Перейти к основному содержанию

Научно-практический рецензируемый ежемеcячный журнал. Орган Министерства здравоохранения Республики Беларусь
Входит в Перечень научных изданий Республики Беларусь для опубликования результатов диссертационных исследований по медицинским и биологическим наукам. Журнал включен в систему Российского научного цитирования.
Журнал издается с 1924 года.

Международные принципы организации паллиативной помощи детям

Паллиативная помощь (ПП) детям, хотя и тесно связана с ПП взрослым, является отдельной областью медицины, которая направлена на улучшение качества жизни детей с ограничивающими жизнь и угрожающими ей заболеваниями и их семей. В мире наблюдается увеличение количества детей, нуждающихся в ПП. Самая большая потребность в ПП детям отмечается в возрастной группе до 1 года, самый высокий прирост регистрируется в группе подростков (16— 19лет). По разным оценкам, потребность в специализированной ПП детям колеблется от 32 на 10 ООО детского населения в возрасте 0—19 лет в Великобритании до 120— 181 в странах Африки. По данным ВОЗ, потребность в помощи в конце жизни в целом в мире составляет 63 на 100 ООО населения младше 15 лет: от 23 на 100 ООО в Европе до 160 на 100 ООО в Африке.

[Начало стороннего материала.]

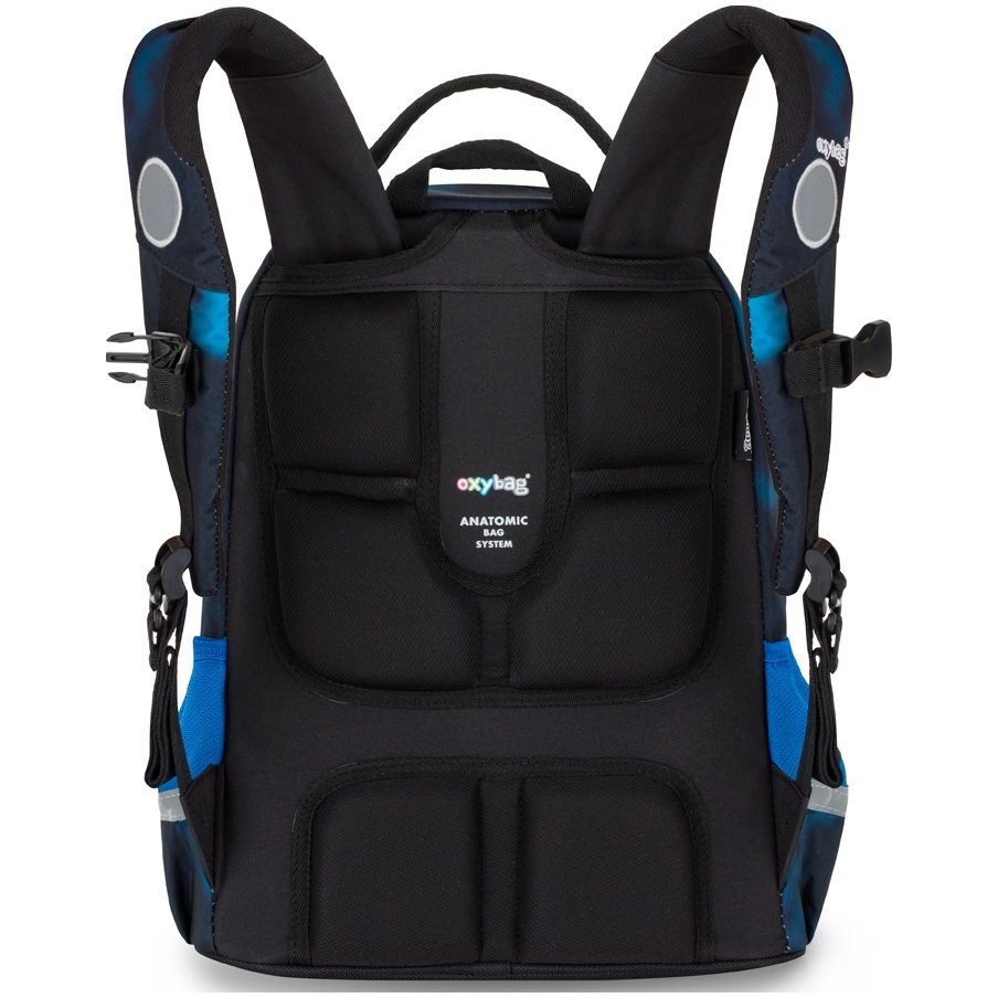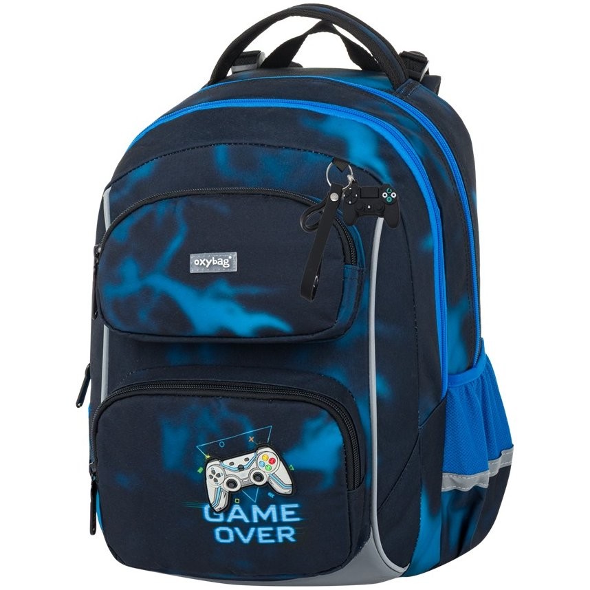 Az OXY JUMPER Gamer iskolai hátizsák ideális választás 1-3. osztályos kisiskolások számára, akiknek kényelmes és strapabíró hátizsákra van szükségük. Az Iskolatáska továbbfejlesztett anatómiailag formázott hátlappal és rugós vállpántrendszerrel rendelkezik, aminek köszönhetően a hátizsák kényelmes viseletet biztosít még nagy terhelés esetén is. Két tágas rekesz bőséges helyet kínál tankönyvek, füzetek és egyéb iskolai kellékek tárolásához. Az oldalakon nyitott hálós zsebek találhatók palackok és egyéb apróságok tárolásához. Természetesen vízálló aljjal, számos reflex elemmel és praktikus elülső zsebbel rendelkezik, amelybe egy tízestás doboz is befér. A hátizsák állítható vállpántokkal, rögzítő pántokkal és mellkas pánttal rendelkezik, amelyek egyenletesen osztják el a súlyt.

Существуют проблемы, связанные с формированием унифицированного перечня заболеваний, при которых возникает необходимость оказания ПП, а также с разработкой четких критериев и алгоритмов своевременного перевода детей под специализированное паллиативное наблюдение.
 
В последние годы в мире наблюдается значительное увеличение потребности в паллиативной помощи (ПП) как взрослым, так и детям, что связано со старением населения, увеличением количества онкологических и других неинфекционных хронических заболеваний. Изначально ПП подразумевала облегчение страданий у онкологических больных, однако в настоящее время все чаще поднимается вопрос о необходимости профессиональной ПП пациентам с тяжелыми хроническими заболеваниями, такими как СПИД, цереброваскулярные заболевания, цирроз печени и др. [1].

В то же время совершенствование медицинских технологий и методов ухода, которые, с одной стороны, способствуют выживаемости недоношенных детей, в том числе с очень низкой и экстремально низкой массой тела, снижению детской смертности, увеличению продолжительности жизни детей с прогностически неблагоприятными заболеваниями, с другой — приводят к увеличению потребности в услугах ПП детям. По данным Международной сети паллиативной помощи детям (ICPCN), ежегодно более 8 млн детей (6% от всех новорожденных в мире) рождаются с тяжелыми врожденными пороками и генетическими нарушениями, многим из которых потребуется ПП [2].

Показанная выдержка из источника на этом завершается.